I tried to run my Spark/Scala code 2.3.0 on a Cloud Dataproc cluster 1.4 where there's Spark 2.4.8 installed. I faced an error concerning the reading of avro files. Here's my code :
sparkSession.read.format("com.databricks.spark.avro").load(input)
This code failed as expected. Then I added this dependency to my pom.xml
file:
<dependency>
<groupId>org.apache.spark</groupId>
<artifactId>spark-avro_2.11</artifactId>
<version>2.4.0</version>
</dependency>
Which made my code run successfully. And this is the part that I don't understand , I'm still using the module com.databricks.spark.avro
in my code. Why is adding org.apache.spark.avro
dependency solved my problem, knowing that I'm not really using it in my code?
I was expecting that I will need to change my code to something like this:
sparkSession.read.format("avro").load(input)

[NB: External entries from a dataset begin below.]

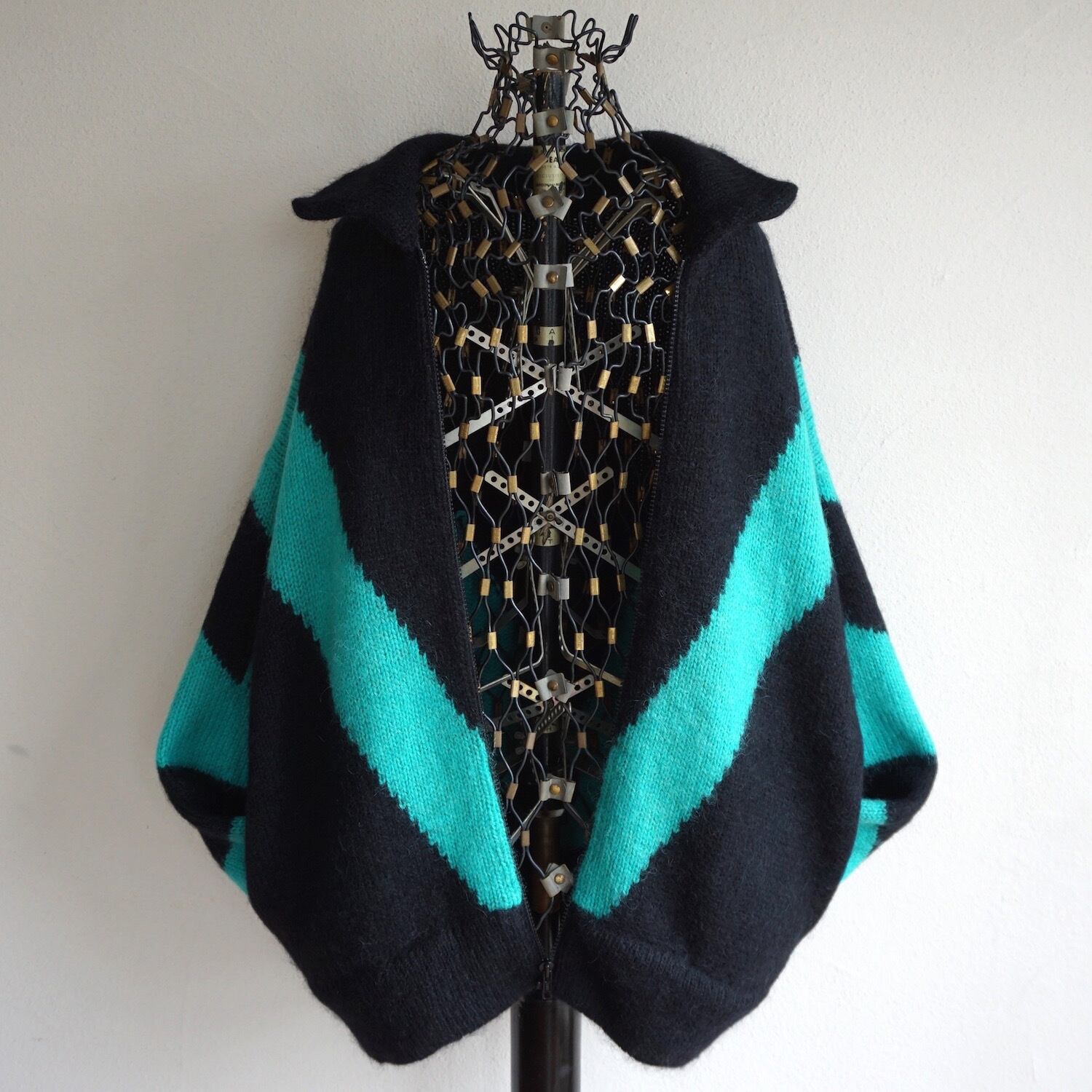 1980's〜 モヘアmix フルジップニットブルゾン ブラック×シーグリーン 実寸(women's XL程度) カーディガン ジャケット ヴィンテージ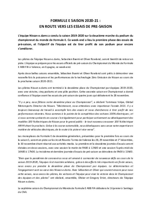 L'équipe Nissan e.dams a conclu la saison 2019-2020 sur la deuxième marche du podium du championnat du monde de Formule E. Ce week-end a lieu la première phase des essais de pré-saison, et l'objectif de l'équipe est de tirer profit de son podium pour encore s'améliorer.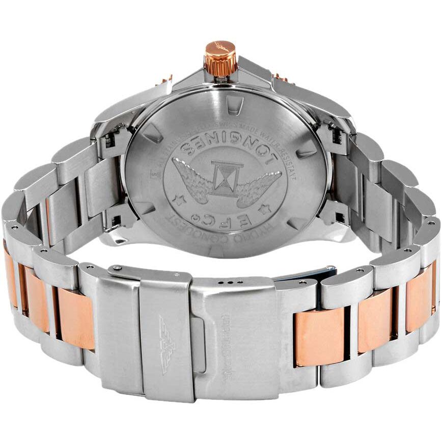 Корпус: Корпус выполнен из высококачественной стали с повышенной устойчивостью к коррозии, поверхности с матовой шлифовкой – сатинированием, полировкой до зеркального блеска с частичным PVD покрытием розового золота. Циферблат синего цвета с позолоченными стрелками и рисками. Индексы и стрелки с люминесцентным покрытием по технологии SuperLumiNova®. Стекло сапфировое с антибликовым покрытием. Однонаправленно вращающийся безель из анодированного алюминия, завинчивающиеся задняя крышка и заводная головка. Диаметр: 41 мм. Водозащита: 300 м.

This is historic artifact of the fact that initially Spark Avro support was added by Databricks in their proprietary Spark Runtime as com.databricks.spark.avro
format, when Sark Avro support was added to open-source Spark as avro
format then, for backward compatibility, support of the com.databricks.spark.avro
format was retained if spark.sql.legacy.replaceDatabricksSparkAvro.enabled
property is set to true
:
If it is set to true, the data source provider com.databricks.spark.avro is mapped to the built-in but external Avro data source module for backward compatibility.